The two debated at the University of Utah in Salt Lake City, the campaign season’s only meeting of the two vice presidential contenders.
Pence dared Harris, a California Democrat, to deny she and Biden would “pack” the high court if they were to take office after Amy Coney Barrett, President Donald Trump’s nominee to replace the late Justice Ruth Bader Ginsburg, were to be confirmed.
“If you haven’t figured it out yet, the straight answer is they are going to pack the Supreme Court if they somehow win this election. Men and women, I’ve got to tell you, people across this country—if you cherish the Supreme Court, if you cherish the separation of powers, you need to reject the Biden-Harris ticket come Nov. 3 and re-elect President Donald Trump, who will stand by the separation of powers and the nine seats of the Supreme Court,” Pence said.
Harris said Pence and Trump have already “packed” the federal courts with unqualified and racially homogenous judges.
“I have witnessed the appointments, for lifetime appointments to the federal courts, district courts, courts of appeal, people who are purely ideological, people who have been reviewed by legal professional organizations and found to have been not competent, are substandard,” she said.

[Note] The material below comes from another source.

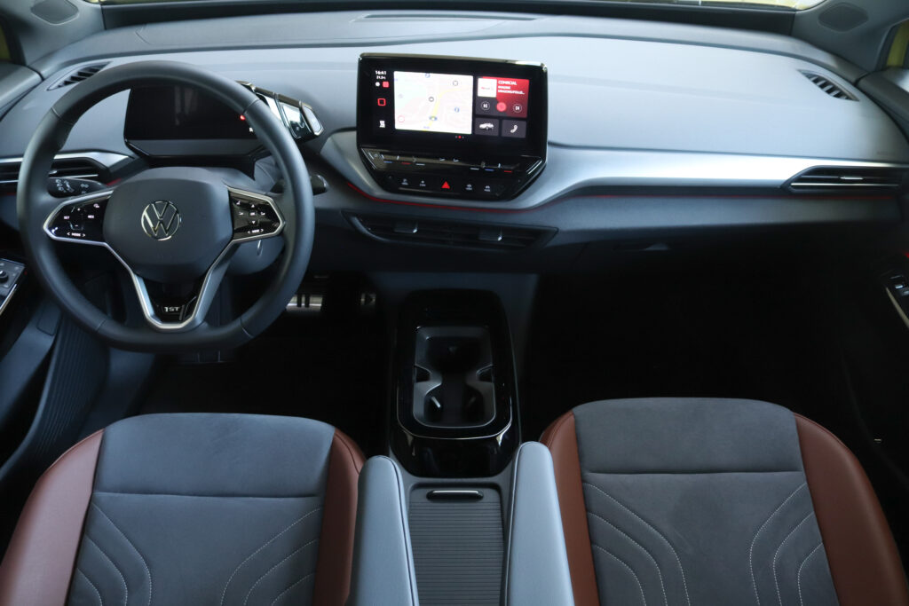 No entanto, é mesmo no espaço e sentido prático que o ID.4 tem um dos seus pontos mais fortes. Na primeira fila, tanto condutor como passageiro têm espaço desafogado e vários compartimentos de arrumação, enquanto atrás o espaço é, igualmente abundante. É talvez uma das poucas propostas que é capaz de transportar efetivamente três passageiros com conforto, dado esse apoiado pelo fantástico espaço para pernas. Tudo isto é acompanhado por uma bagageira com 543 litros, expansível até aos 1575 litros com os bancos traseiros rebatidos.

Pence shot back: “I just want the record to reflect she never answered the question. Maybe in the next debate Joe Biden will answer the question.”
It was a sharp moment for Pence in what was an overall more civil meeting than the clash between the presidential candidates a week ago. Moderator Susan Page, the Washington bureau chief at USA TODAY, repeatedly reminded him and Harris that they would speak “uninterrupted,” and tried to end overly long stemwinders with a barrage of thank-yous.
When asked what they each hoped their home states would do if the Supreme Court rolled back the 1973 Roe v. Wade abortion rights decision , the two sparred over faith and the Barrett nomination before studiously avoiding answering the question.
“I will always fight for a woman’s right to make a decision about her own body. It should be her decision and not that of Donald Trump and the Vice President, Michael Pence,” she said.
Pence came back to abortion later, describing himself as “pro-life. I make no apologies for it.”
“I would never presume how Judge Amy Coney Barrett would rule on the Supreme Court of the United States, but we’ll continue to stand strong for the right to life,” he said.